Where to find a CSV file with molecule data

There are many possibilities. The easiest way is to download a CSV file from one of the chemical databases, e.g. DrugBank. You can also create the CSV file yourself.

Quick start

Use Molstruct in 3 easy steps. In this example, we will use the DrugBank open dataset. You need Python 3.2+ and pip installed.

  1. Open a terminal and install Molstruct

You can install the Molstruct from PyPI:

pip install molstruct

Molstruct is also available as a Docker image. In most cases, installing Molstruct from PyPI or using Docker should be sufficient and convenient, but you may want to run Molstruct from sources or build a Docker image yourself.

  1. Download DrugBank open dataset in CSV format and unzip downloaded archive.
  2. Molstruct has a predefined preset for this dataset. You just need to select the output format and enter the path to the CSV file. Assuming the drugbank vocabulary.csv file is in the current directory and the output format you're interested in is RDFa, the command will be as follows:
molstruct -p drugbank-open -f rdfa "drugbank vocabulary.csv" > drugbank_cc0_rdfa.html

That's all. Now you have the RDFa file ready in the current directory. You can try other output formats and options as described below. You can also use Molstruct to convert other data in CSV format.

Docker image

If you have Docker installed, you can use a tiny Molstruct image from Docker Hub.

Because the tool is closed inside the container, you have to mount the local directory with your input file. The default working directory of the image is /app. You need to mount your local directory inside it (e.g. /app/input):

docker run -it --rm --name molstruct-app --mount type=bind,source=/home/user/input,target=/app/input,readonly lszeremeta/molstruct:latest

In this case, the local directory /home/user/input has been mounted under /app/input.

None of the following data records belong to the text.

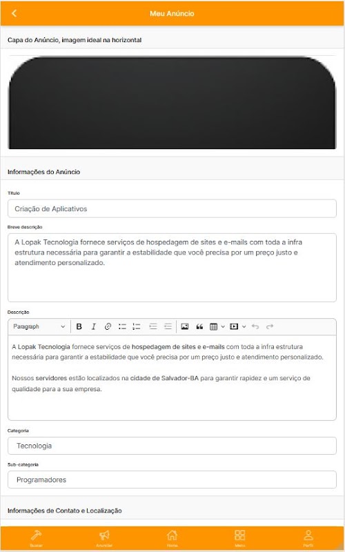 We are a company under the website and application formats, which consist of an ad network focused on the dissemination of establishments, companies, self-employed professionals and services in general. In addition, on our platform, people who are looking for job openings or even expanding their clientele have the opportunity to achieve even more visibility in the job market, counting on the constant exposure of their CVs that can be viewed by anyone who visits our digital platforms.
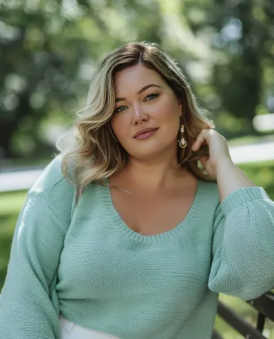 This light and airy outfit pairs a soft mint green sweater with breezy, high-waisted white pants. The sweater s relaxed fit and gentle V-neckline keep things cozy, while the wide-leg pants add an elegant, flowy touch. Statement earrings finish off the look, making it perfect for a picnic or a peaceful park stroll on a sunny spring afternoon.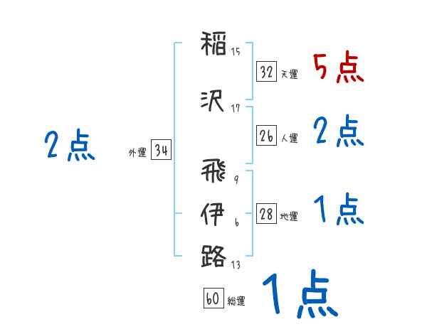 稲沢飛伊路さんの画数の鑑定結果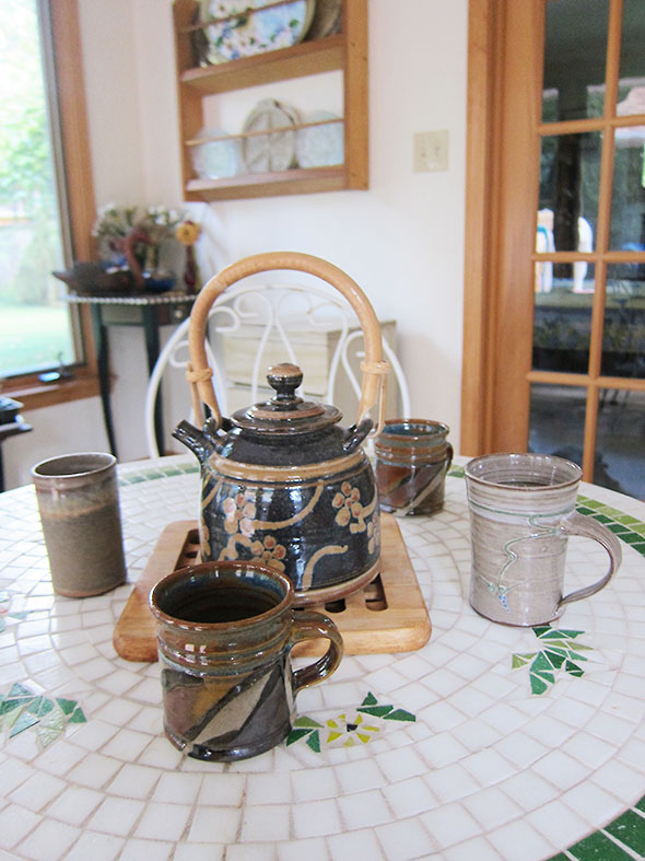 My first purchases were modest: small mugs to share cups of coffee with a friend or to sip the highly caffeinated chai that kept me awake throughout my graduate studies. In my twenties, I dreamed of owning a teapot or casserole dish by Evelyn LaMers. Imagine my delight at returning to the village 15 years later to find her still there at the pottery…her teapots as elegant as ever.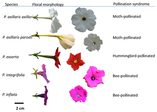 - Dell’olivo, A.; Hoballah, M.E.; Gübitz, T.; Kuhlemeier, C. Isolation barriers between Petunia axillaris and Petunia integrifolia (Solanaceae). Evolution 2011, 65, 1979–1991. [Google Scholar] [CrossRef] [PubMed]

You can also simply mount the current working directory using $(pwd) sub-command:

docker run -it --rm --name molstruct-app --mount type=bind,source="$(pwd)",target=/app/input,readonly lszeremeta/molstruct:latest

Usage

usage: molstruct [-h] [--version] -f {jsonldhtml,jsonld,rdfa,microdata} [-i IDENTIFIER]
                 [-n NAME] [-ink INCHIKEY] [-in INCHI] [-sm SMILES] [-u URL]
                 [-iu IUPACNAME] [-mf MOLECULARFORMULA] [-w MOLECULARWEIGHT]
                 [-mw MONOISOTOPICMOLECULARWEIGHT] [-d DESCRIPTION]
                 [-dd DISAMBIGUATINGDESCRIPTION] [-img IMAGE] [-an ALTERNATENAME]
                 [-sa SAMEAS] [-p {drugbank-open} | -c] [-s {iri,uuid,bnode}] [-b BASE]
                 [-vd VALUE_DELIMITER] [-l LIMIT]
                 file

Supported MolecularEntity properties that correspond to default CSV column names: identifier, name, inChIKey, inChI, smiles, url, iupacName, molecularFormula, molecularWeight, monoisotopicMolecularWeight, description, disambiguatingDescription, image, alternateName and sameAs. You can rename the columns if needed (see Column name change arguments below). You can also use a preset with the appropriate settings for your dataset.

Informative arguments

  • -h, --help show help message and exit
  • --version show program version and exit

Required arguments

  • -f {jsonldhtml,jsonld,rdfa,microdata}, --format {jsonldhtml,jsonld,rdfa,microdata} output format
  • file CSV file path with molecule data to convert

Remember about the appropriate file path when using the Docker image. Suppose you mounted your local directory /home/user/input under /app/input and the path to the CSV file you want to use in Molstruct is /home/user/input/file.csv. In this case, enter the path /app/input/file.csv or input/file.csv as file argument value.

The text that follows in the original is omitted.